WHAT TO WORK ON: Each line in the data must be reproduced as written, except for any picture.

── STORED DATA

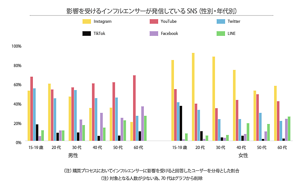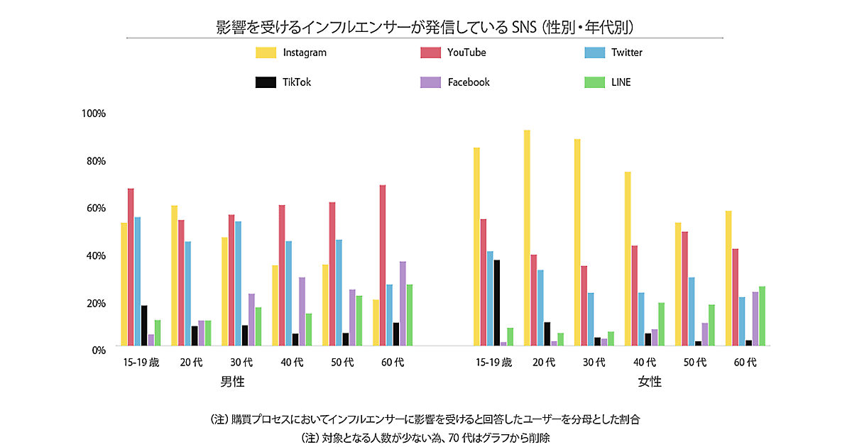 インフルエンサーが発信している内容に影響を受けるSNSの内訳を見ると、女性ではすべての年代でInstagramが最も高く、特に若年層でその傾向が顕著だ。男性は女性よりもYouTubeからの情報取得の割合が全年代で高い。女性の15-19歳ではTikTokからの情報取得の割合も高くなっている。
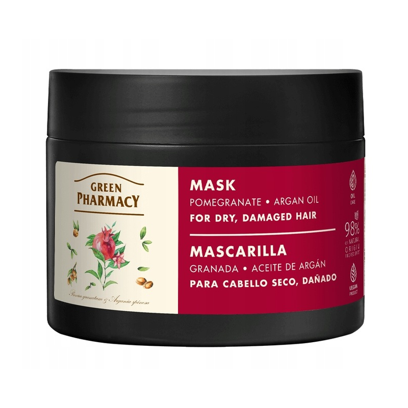 GREEN PHARMACY MASKA DO WŁOSÓW 300ML GRANAT I OLEJ ARGANOWY redukuje łamanie i uszkodzenia.
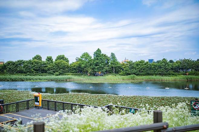 과거 김포공항 소음 피해 지역에 조성된 서서울호수공원은 비행기 소리에 반응하는 소리분수가 인상적인 혼자 사진 찍기 좋은 곳입니다.
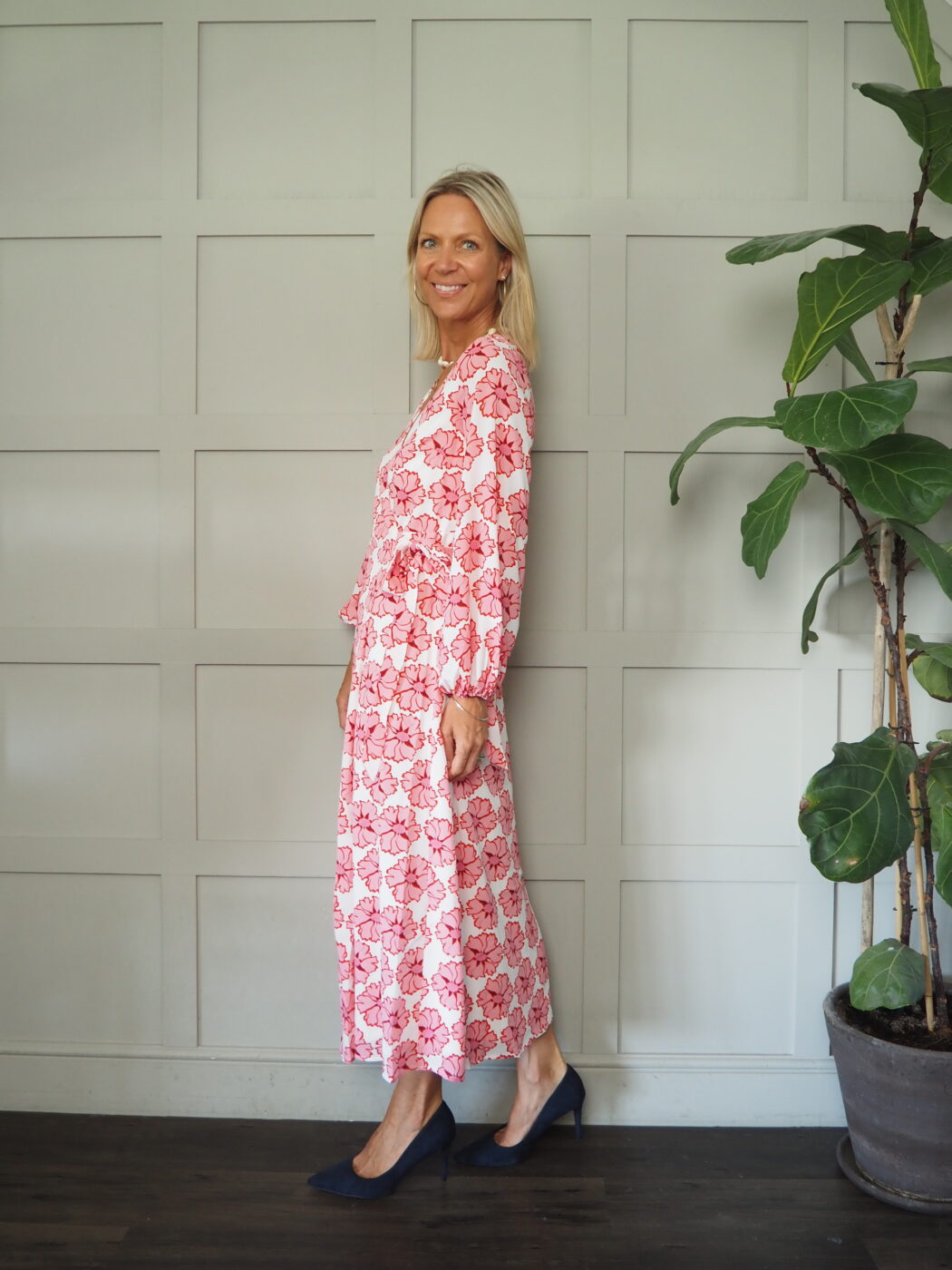 Pretty v neck wrap over dress with full length sleeves with elasticated cuffs and a tie belt that wraps around the waist. This can be worn dressed up with heels or casually with trainers.

────

SOLUTION TO THIS EXERCISE:
 インフルエンサーが発信している内容に影響を受けるSNSの内訳を見ると、女性ではすべての年代でInstagramが最も高く、特に若年層でその傾向が顕著だ。男性は女性よりもYouTubeからの情報取得の割合が全年代で高い。女性の15-19歳ではTikTokからの情報取得の割合も高くなっている。
 GREEN PHARMACY MASKA DO WŁOSÓW 300ML GRANAT I OLEJ ARGANOWY redukuje łamanie i uszkodzenia.
 과거 김포공항 소음 피해 지역에 조성된 서서울호수공원은 비행기 소리에 반응하는 소리분수가 인상적인 혼자 사진 찍기 좋은 곳입니다.
 Pretty v neck wrap over dress with full length sleeves with elasticated cuffs and a tie belt that wraps around the waist. This can be worn dressed up with heels or casually with trainers.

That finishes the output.